Data for analysis:
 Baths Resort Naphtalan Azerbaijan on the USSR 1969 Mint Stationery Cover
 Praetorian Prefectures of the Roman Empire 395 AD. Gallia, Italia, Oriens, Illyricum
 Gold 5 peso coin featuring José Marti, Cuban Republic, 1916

==

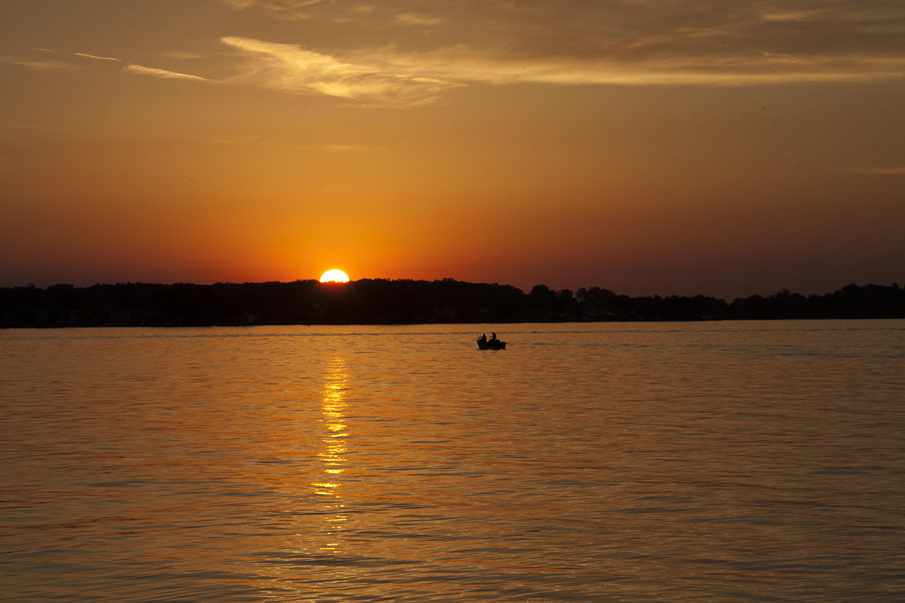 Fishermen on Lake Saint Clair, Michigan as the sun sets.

---

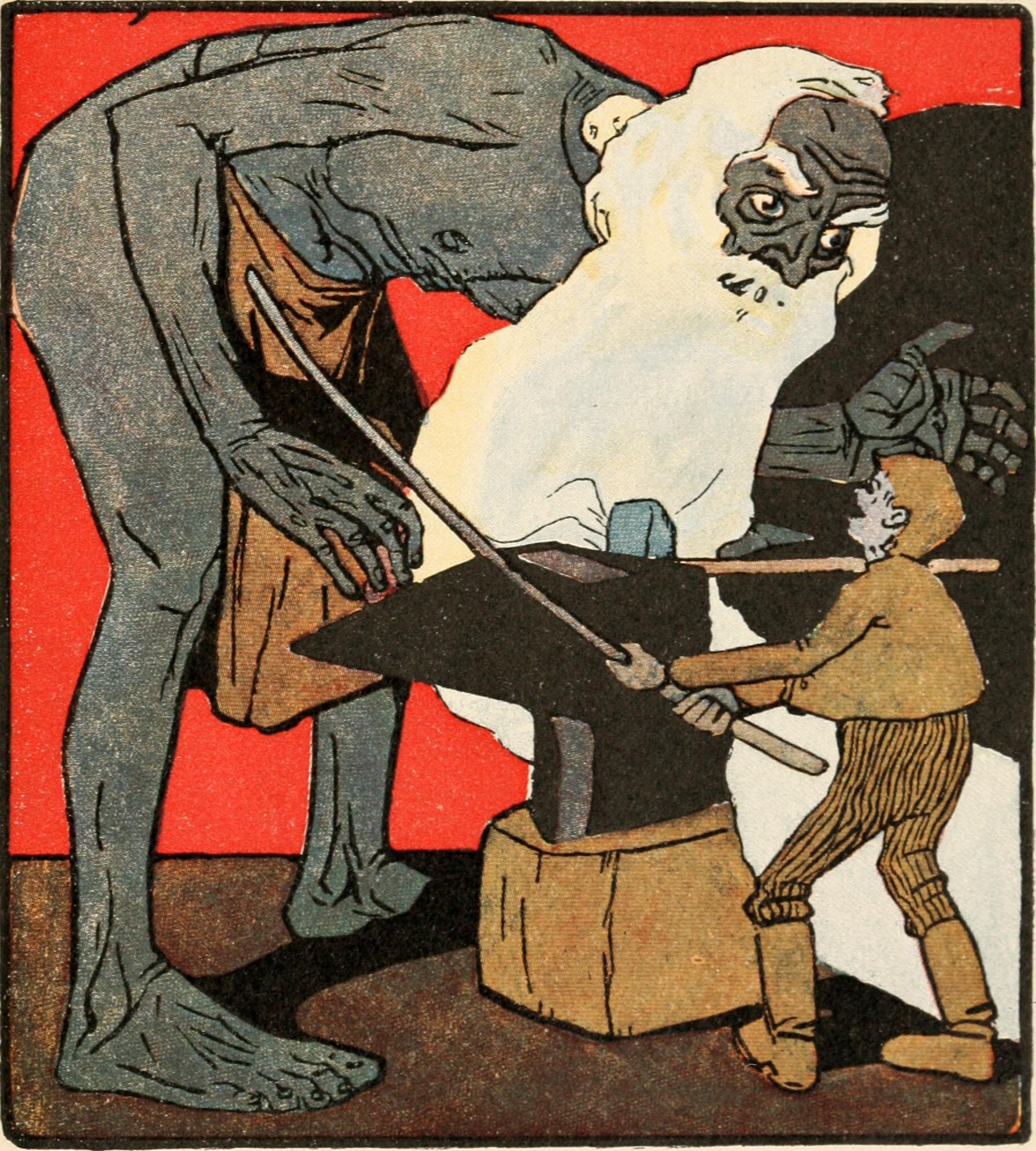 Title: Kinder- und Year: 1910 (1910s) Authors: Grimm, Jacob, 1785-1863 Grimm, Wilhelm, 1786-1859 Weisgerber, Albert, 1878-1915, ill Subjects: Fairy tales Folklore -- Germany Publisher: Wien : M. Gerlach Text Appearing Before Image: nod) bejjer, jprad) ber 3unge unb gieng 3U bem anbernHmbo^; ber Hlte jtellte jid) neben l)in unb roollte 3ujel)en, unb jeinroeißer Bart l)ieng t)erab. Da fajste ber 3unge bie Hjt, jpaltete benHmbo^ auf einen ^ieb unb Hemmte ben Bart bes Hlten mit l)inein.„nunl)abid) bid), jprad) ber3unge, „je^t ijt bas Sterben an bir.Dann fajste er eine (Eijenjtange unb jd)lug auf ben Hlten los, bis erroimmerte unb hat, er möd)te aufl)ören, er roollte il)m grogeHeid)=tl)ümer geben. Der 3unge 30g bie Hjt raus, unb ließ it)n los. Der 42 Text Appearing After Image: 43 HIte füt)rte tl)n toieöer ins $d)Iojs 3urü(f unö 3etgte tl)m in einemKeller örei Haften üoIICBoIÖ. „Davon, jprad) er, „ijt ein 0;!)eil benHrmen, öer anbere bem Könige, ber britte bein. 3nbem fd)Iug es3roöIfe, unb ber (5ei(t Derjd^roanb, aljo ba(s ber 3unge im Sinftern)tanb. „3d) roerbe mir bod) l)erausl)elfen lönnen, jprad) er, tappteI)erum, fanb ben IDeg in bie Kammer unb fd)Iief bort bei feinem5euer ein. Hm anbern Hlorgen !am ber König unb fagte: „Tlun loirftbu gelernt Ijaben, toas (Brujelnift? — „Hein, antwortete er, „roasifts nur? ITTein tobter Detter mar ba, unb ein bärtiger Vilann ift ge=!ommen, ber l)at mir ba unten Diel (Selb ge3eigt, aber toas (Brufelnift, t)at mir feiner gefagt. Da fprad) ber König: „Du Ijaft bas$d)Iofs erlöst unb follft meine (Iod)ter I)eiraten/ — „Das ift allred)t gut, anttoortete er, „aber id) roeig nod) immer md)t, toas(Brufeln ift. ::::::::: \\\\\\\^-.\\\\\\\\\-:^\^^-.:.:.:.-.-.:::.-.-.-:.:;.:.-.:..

Requirement: Reproduce exactly the lines above from the line with "Baths Resort Naphtalan" to the line with "Gold 5 peso", including both, and add nothing.

Output of the exercise:
 Baths Resort Naphtalan Azerbaijan on the USSR 1969 Mint Stationery Cover
 Praetorian Prefectures of the Roman Empire 395 AD. Gallia, Italia, Oriens, Illyricum
 Gold 5 peso coin featuring José Marti, Cuban Republic, 1916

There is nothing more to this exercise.